Ray, out of interest, have you owned either? Even between the two you mention, the first is out of production and the second 4 times the price of the first!


----------



## Guest

Dfk41,

I own the OE Lido 2 and it's a great grinder that outperforms the Hario Skerton and Mini Mill and even the Porlex.....

If you're a member of the Mile High Aeropress club that brings hand grinders, aeropresses and a thermos with aload of beans and brew in the airline seats.....

They say that the OE Lido is best...

Murdering the Hario Floating Burr design that has *burr wobble* that gets worser marginally at coarser settings (in which i used a Skerton for espresso and never for French Press before i went to a Mazzer) is a big flaw according to the hand grinder purists.....


----------



## tomcowlin

I'm going to attempt this hack tonight but I'm a little confused on how many times to rotate the white screw. Was the guy in the video saying that from an unaltered machine you should turn it two times anti clockwise?


----------



## tomcowlin

Just finished and the results can be seen already. Things to look out for:

1. After completion the cup selector still rotates but doesn't click as I remember it doing

2. When reassembling be as careful as possible not to disturb wires. You can test to see if the grinder with still work if you plug it in, put the cap and pot back in and don't see a faint blue light switch on inside the on/off metallicy bit. If the light does switch on, start again (just my findings).

3. When removing the outer casing you need to do exactly as the video instructs (press the screwdriver into the machine and lever up the body)

My first shot pulled after the mod using the grinder


----------



## Woody Reely

[I realise I'm about 5 years late to the party but hey!]

Hi acm2000, so grateful for your video. Worked a treat!

Tbh, *I was really quite nervous* about attempting this at all. I had considered returning it to Amazon and starting the search again. However it was a gift to me and so I really wanted it to work well. Once you open the machine you realise what a simple procedure it is and then you wonder what you were worrying about!

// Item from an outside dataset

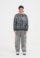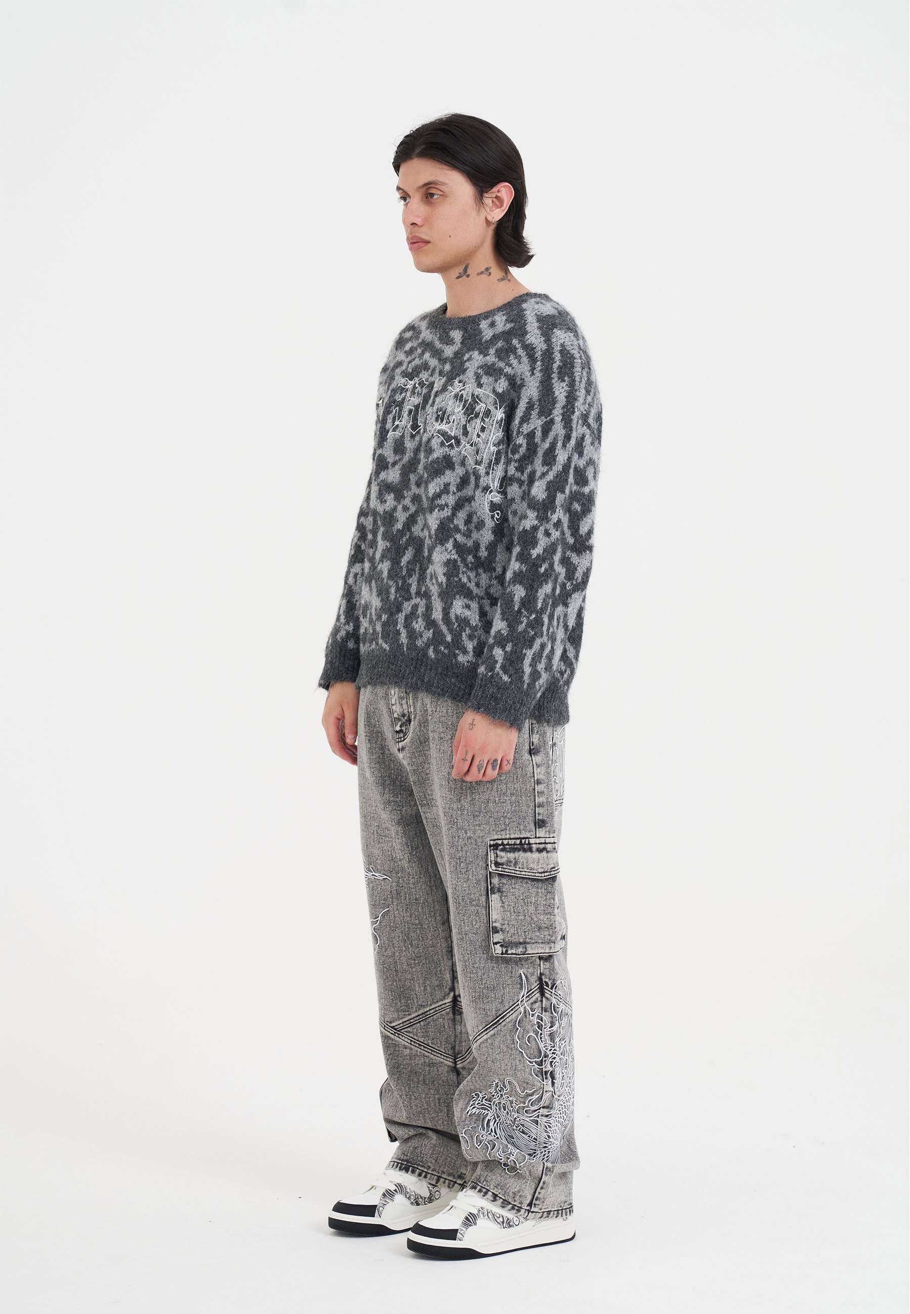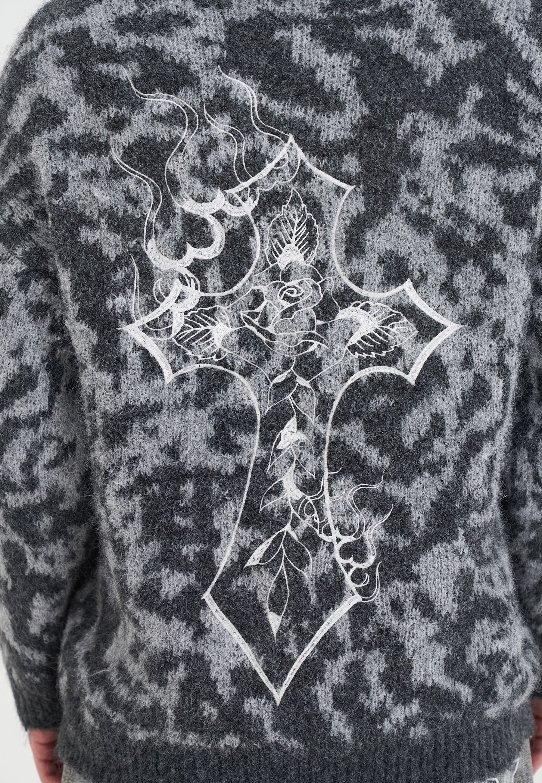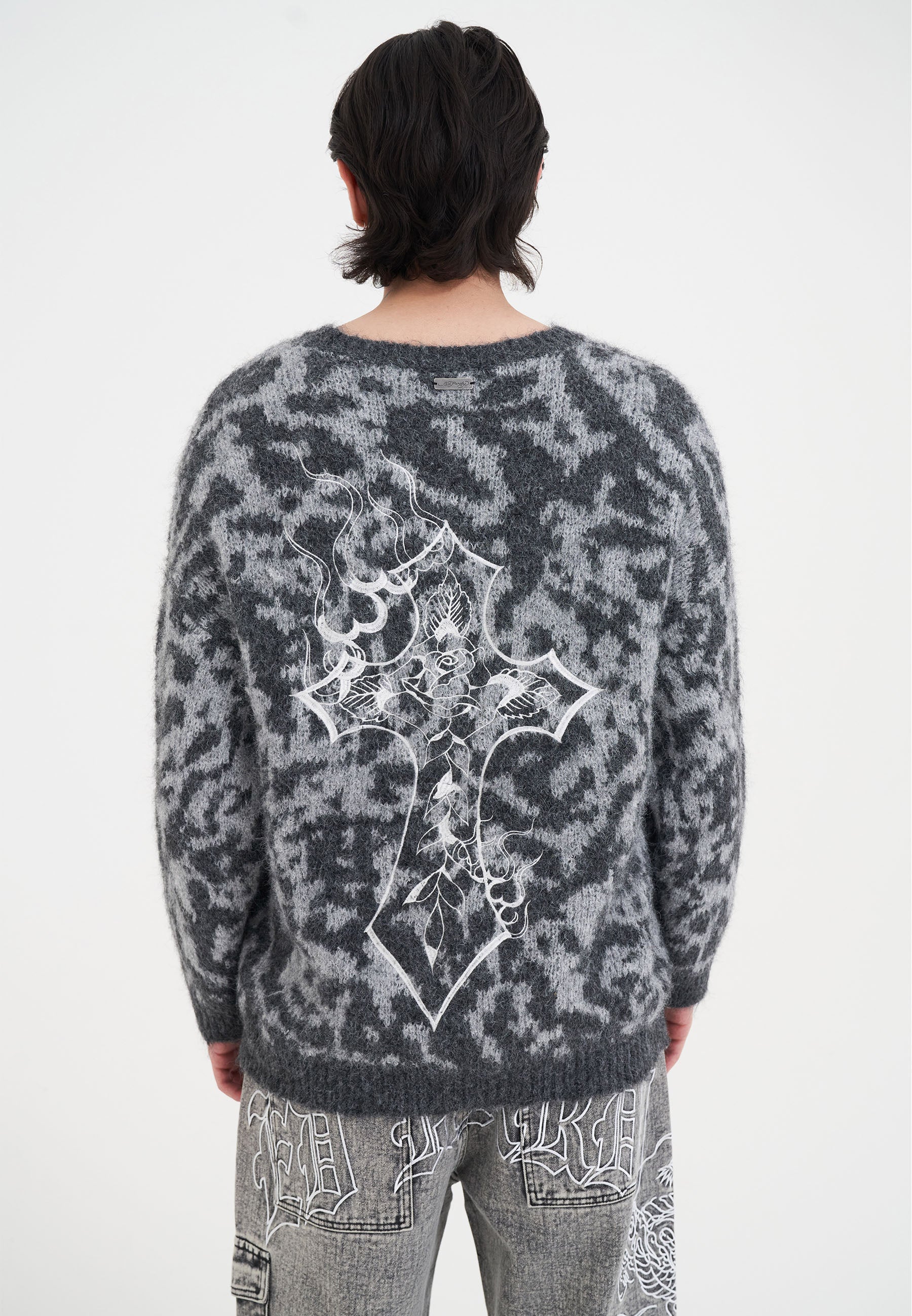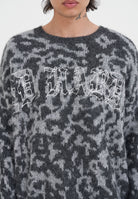 MENS INTARSIA LEOPARD KNITTED CREW JUMPER in Grey

The video is great. Take it easy - step by step. When you remove the main housing, rest it on something that's about half the height of the machine so that you don't strain the wires (see tomcowlin's comment above).

Turning the white 'screw' clockwise x2 or anti-clockwise x2 has exactly the same result. There's a little notch/stopper on the 'screw'. When you rotate the 'screw' x2 the notch is at the top rather than the bottom, giving you 180 degrees of additional turn. An alternative for even finer grind is to make an initial turn of '1x anti-clockwise'. This will give you 270 degrees of additional turn. Or you could go completely crazy, as I did. Not satisfied with the anti-clockwise x2 the first time round, I repeated the whole procedure which gave me a very fine dust - lovely! If repeating acm2000's instructions, however, make sure that after rotating the white 'screw' you use the dial to rotate the screw anti-clockwise so that the adjustment is effective before repeating the procedure.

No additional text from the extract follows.